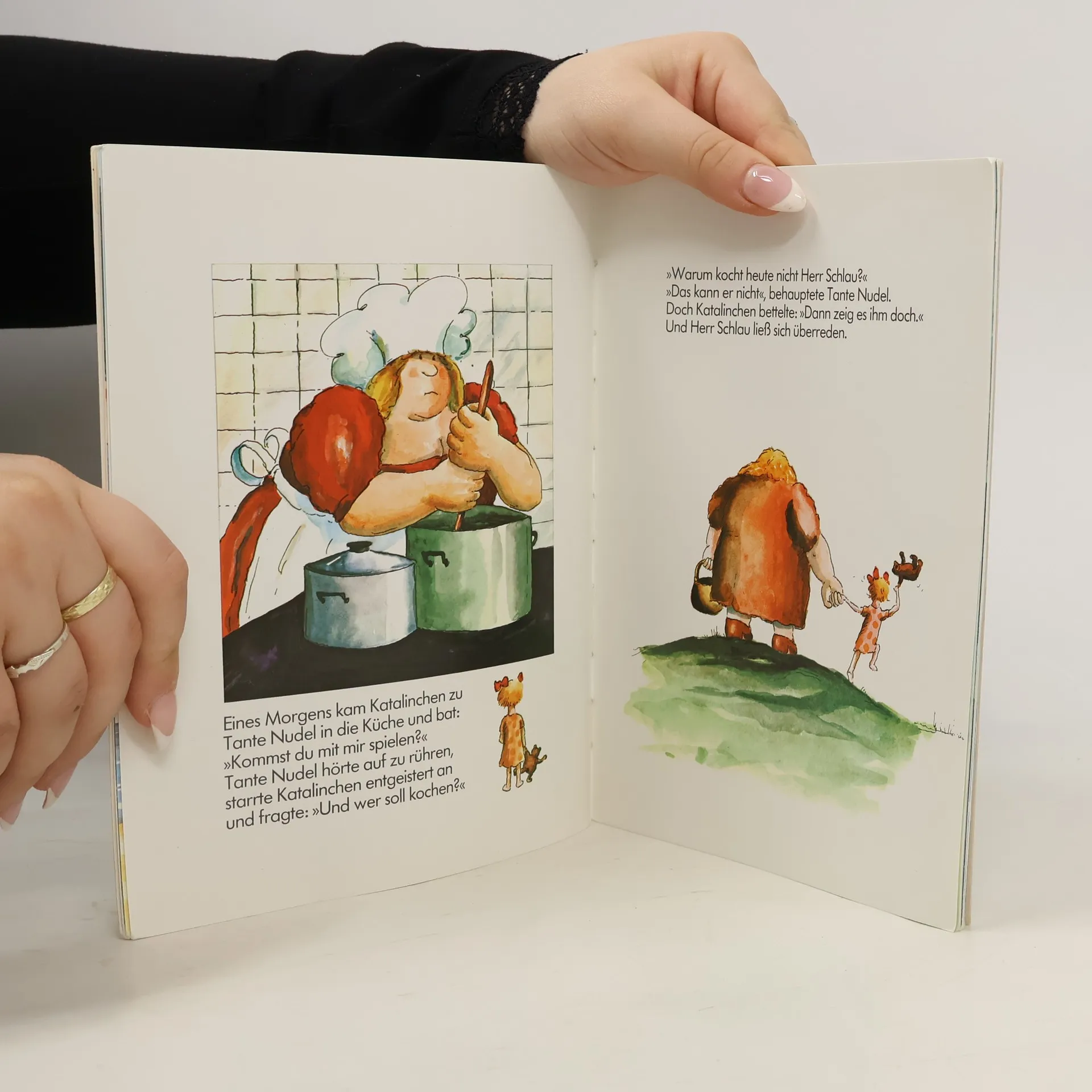 »Warum kocht heute nicht Herr Schlau? « »Das kann er nicht«, behauptete Tante Nudel. Doch Katalinchen bettelte: »Dann zeig es ihm doch.« Katalinchen verbringt ihre großen Ferien mit Tante Nudel, Onkel Ruhe und Herrn Schlau. Weil die aber meist entweder kochen oder für Ruhe und Ordnung sorgen oder lesen müssen, muss sich Katalinchen etwas einfallen lassen, damit sie schließlich doch mit ihr spielen, angeln und Boot fahren.
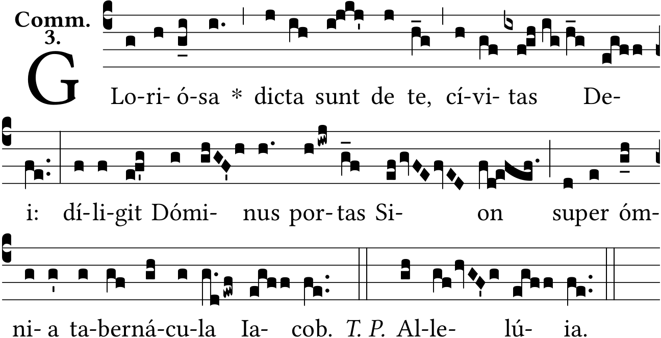- Aug 16, 2025: Change: "Dicta sunt de te," - last syllabe "te"; was (h_g); adjusted to (h_f), according to original scan (LB insert: DIE 26 AUGUSTI, BEATÆ MARIÆ VIRGINIS CLAROMONTANÆ CZĘSTOCHOVIENSIS.; Printed in Belgium; Copyright 1958 by Desclee & Co., Tournai (Belg.),; Page 10). (ioannessi) ?
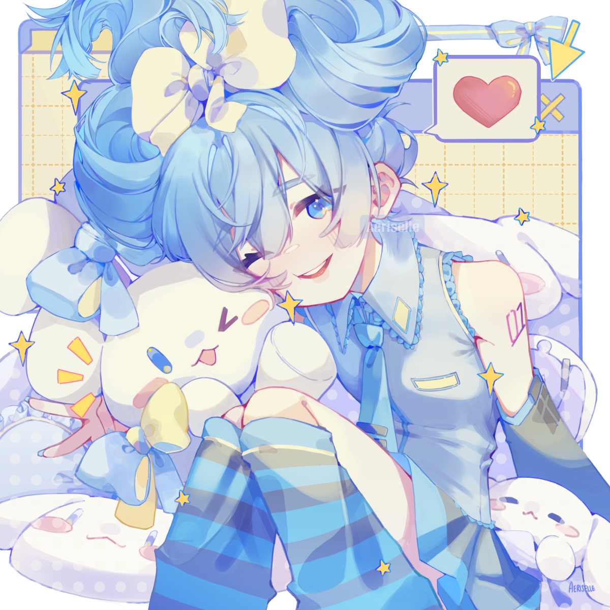 1girl :3 aeriselle arm_tattoo artist_name blue_bow blue_eyes blue_hair blue_nails blue_necktie blush_stickers border bow cinnamiku collared_shirt commentary cursor detached_sleeves english_commentary fuwa_fuwa_cinnamoroll grey_shirt hair_bow hatsune_miku heart highres leg_warmers long_hair looking_at_viewer necktie number_tattoo open_mouth pillow pleated_skirt ribbon sanrio shirt sitting skirt sleeveless sleeveless_shirt smile spoken_heart star_(symbol) striped_leg_warmers striped_ribbon tattoo tie_clip updo v vocaloid white_border yellow_bow
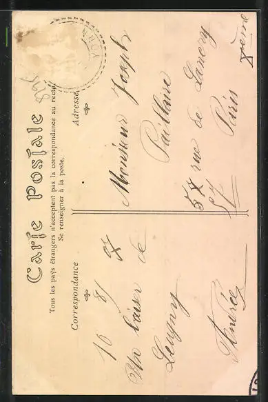 Personenbezogene Daten auf der Rückseite der Karte wurden durch blauen Textmarker unkenntlich gemacht. Die blauen Stellen sind auf die Vorderseite durchgeweicht und wirken sich negativ auf das Postkartenfoto aus
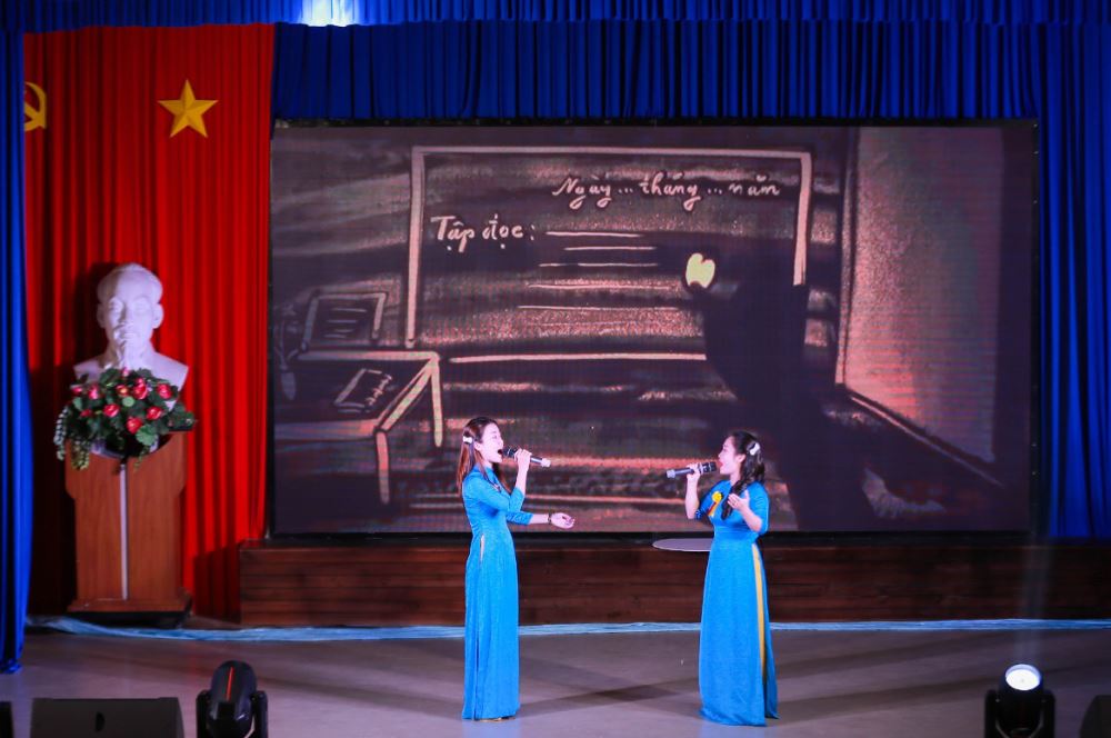 Giải Nhì song ca “Bài Ca Người Giáo Viên Nhân Dân” Cô Bích Vân và Cô Đỗ Thùy (bìa trái sang).
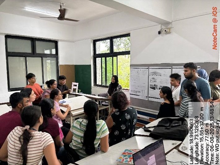 The day started with a lecture on Ways of Architectural Documentation and representation given by Dr. Prof. Neha Sayed, introducing representation techniques like photographic mapping, detail drawings, and types of drawings.
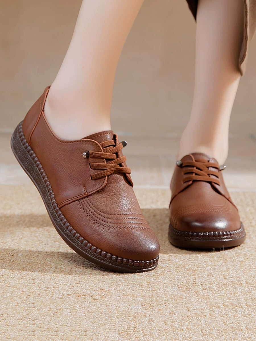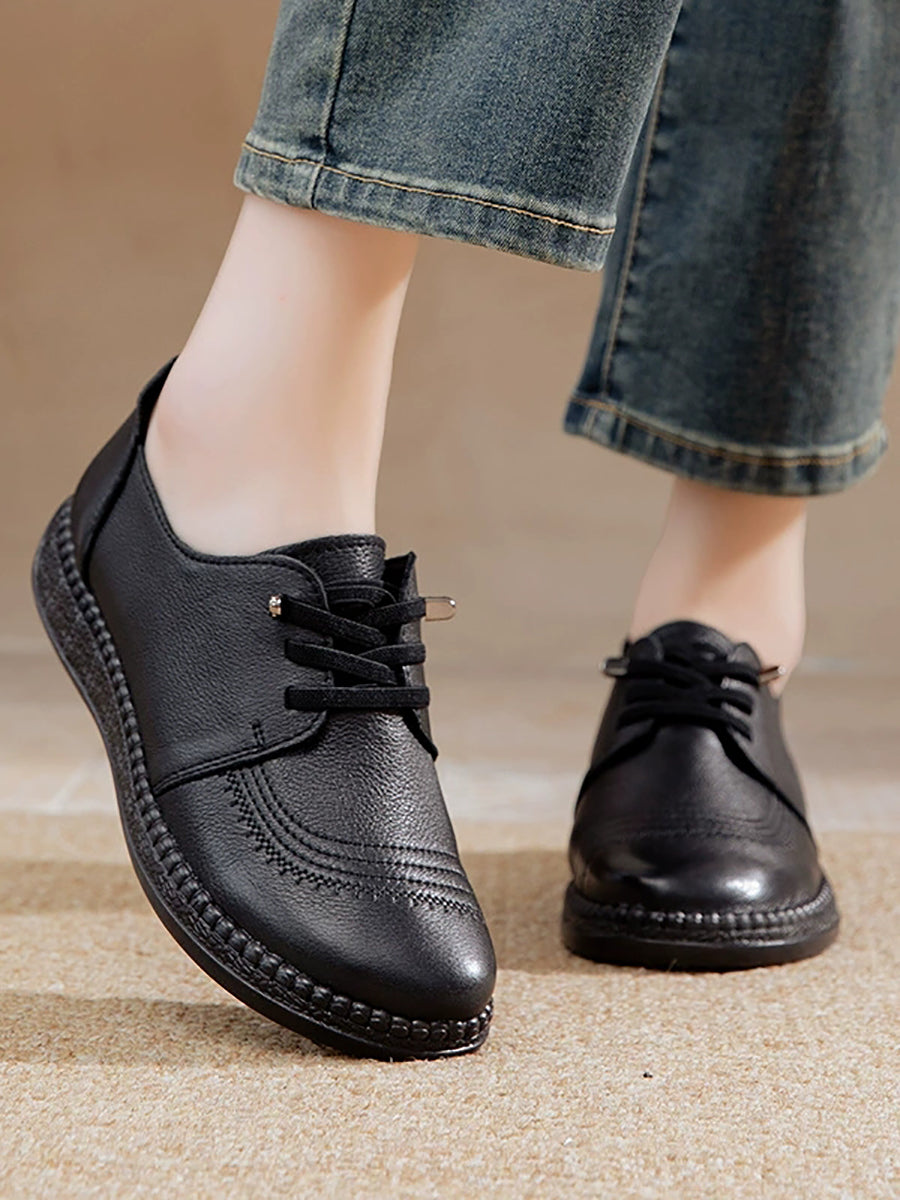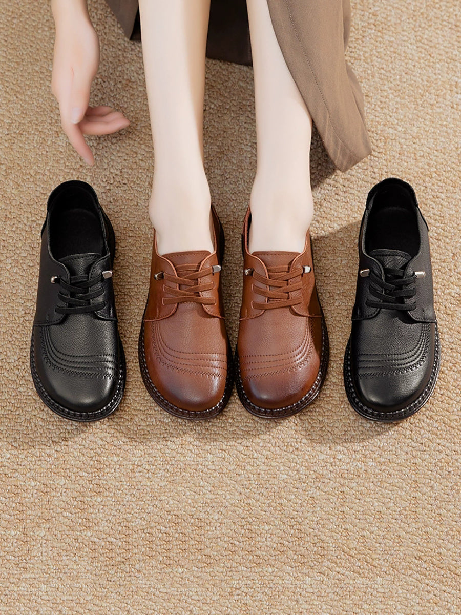 Sapatos femininos casuais de couro legítimo, modelo baixo.
________
Nothing but the records themselves, exact and complete, should be returned; leave the pictures out.

▸ ANSWER FOR THIS EXERCISE:
 »Warum kocht heute nicht Herr Schlau? « »Das kann er nicht«, behauptete Tante Nudel. Doch Katalinchen bettelte: »Dann zeig es ihm doch.« Katalinchen verbringt ihre großen Ferien mit Tante Nudel, Onkel Ruhe und Herrn Schlau. Weil die aber meist entweder kochen oder für Ruhe und Ordnung sorgen oder lesen müssen, muss sich Katalinchen etwas einfallen lassen, damit sie schließlich doch mit ihr spielen, angeln und Boot fahren.
- Aug 16, 2025: Change: "Dicta sunt de te," - last syllabe "te"; was (h_g); adjusted to (h_f), according to original scan (LB insert: DIE 26 AUGUSTI, BEATÆ MARIÆ VIRGINIS CLAROMONTANÆ CZĘSTOCHOVIENSIS.; Printed in Belgium; Copyright 1958 by Desclee & Co., Tournai (Belg.),; Page 10). (ioannessi) ?
 1girl :3 aeriselle arm_tattoo artist_name blue_bow blue_eyes blue_hair blue_nails blue_necktie blush_stickers border bow cinnamiku collared_shirt commentary cursor detached_sleeves english_commentary fuwa_fuwa_cinnamoroll grey_shirt hair_bow hatsune_miku heart highres leg_warmers long_hair looking_at_viewer necktie number_tattoo open_mouth pillow pleated_skirt ribbon sanrio shirt sitting skirt sleeveless sleeveless_shirt smile spoken_heart star_(symbol) striped_leg_warmers striped_ribbon tattoo tie_clip updo v vocaloid white_border yellow_bow
 Personenbezogene Daten auf der Rückseite der Karte wurden durch blauen Textmarker unkenntlich gemacht. Die blauen Stellen sind auf die Vorderseite durchgeweicht und wirken sich negativ auf das Postkartenfoto aus
 Giải Nhì song ca “Bài Ca Người Giáo Viên Nhân Dân” Cô Bích Vân và Cô Đỗ Thùy (bìa trái sang).
 The day started with a lecture on Ways of Architectural Documentation and representation given by Dr. Prof. Neha Sayed, introducing representation techniques like photographic mapping, detail drawings, and types of drawings.
 Sapatos femininos casuais de couro legítimo, modelo baixo.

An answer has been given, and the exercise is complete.